TASK GOAL » Copy out nothing but the lines from the one holding "スープはラーメンと同じ醤油味" through the end of the entries below, exactly as written and without the pictures.

..............................

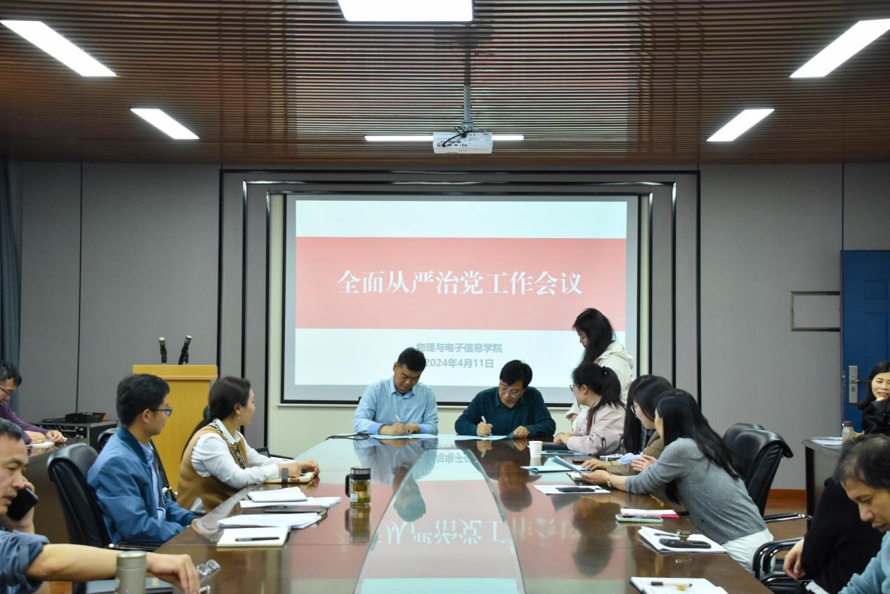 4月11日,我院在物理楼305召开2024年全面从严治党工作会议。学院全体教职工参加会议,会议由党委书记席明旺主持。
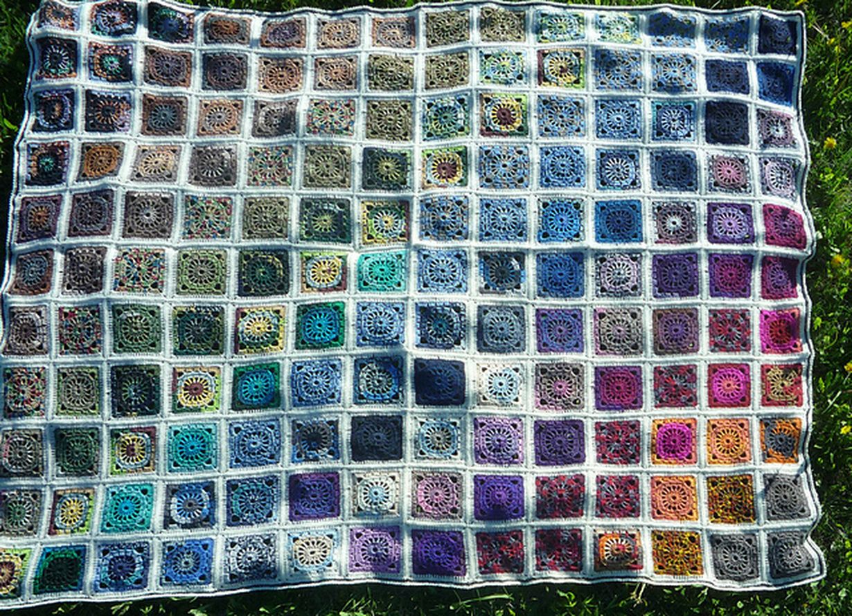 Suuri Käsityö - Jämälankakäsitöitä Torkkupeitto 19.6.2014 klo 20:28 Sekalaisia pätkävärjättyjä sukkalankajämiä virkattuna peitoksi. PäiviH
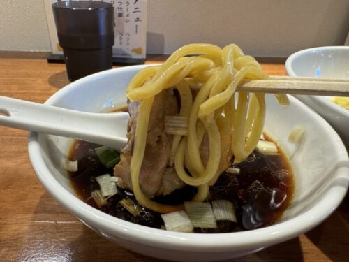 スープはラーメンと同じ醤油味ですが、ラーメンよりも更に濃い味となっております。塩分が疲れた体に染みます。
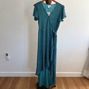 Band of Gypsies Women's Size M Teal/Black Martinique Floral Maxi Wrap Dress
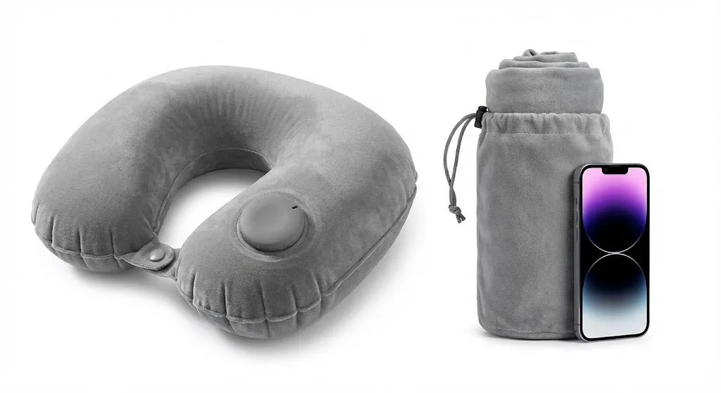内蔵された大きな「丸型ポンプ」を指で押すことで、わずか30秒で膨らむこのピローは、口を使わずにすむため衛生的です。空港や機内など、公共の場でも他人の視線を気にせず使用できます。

..............................

OUTPUT OF THE TASK »
 スープはラーメンと同じ醤油味ですが、ラーメンよりも更に濃い味となっております。塩分が疲れた体に染みます。
 Band of Gypsies Women's Size M Teal/Black Martinique Floral Maxi Wrap Dress
内蔵された大きな「丸型ポンプ」を指で押すことで、わずか30秒で膨らむこのピローは、口を使わずにすむため衛生的です。空港や機内など、公共の場でも他人の視線を気にせず使用できます。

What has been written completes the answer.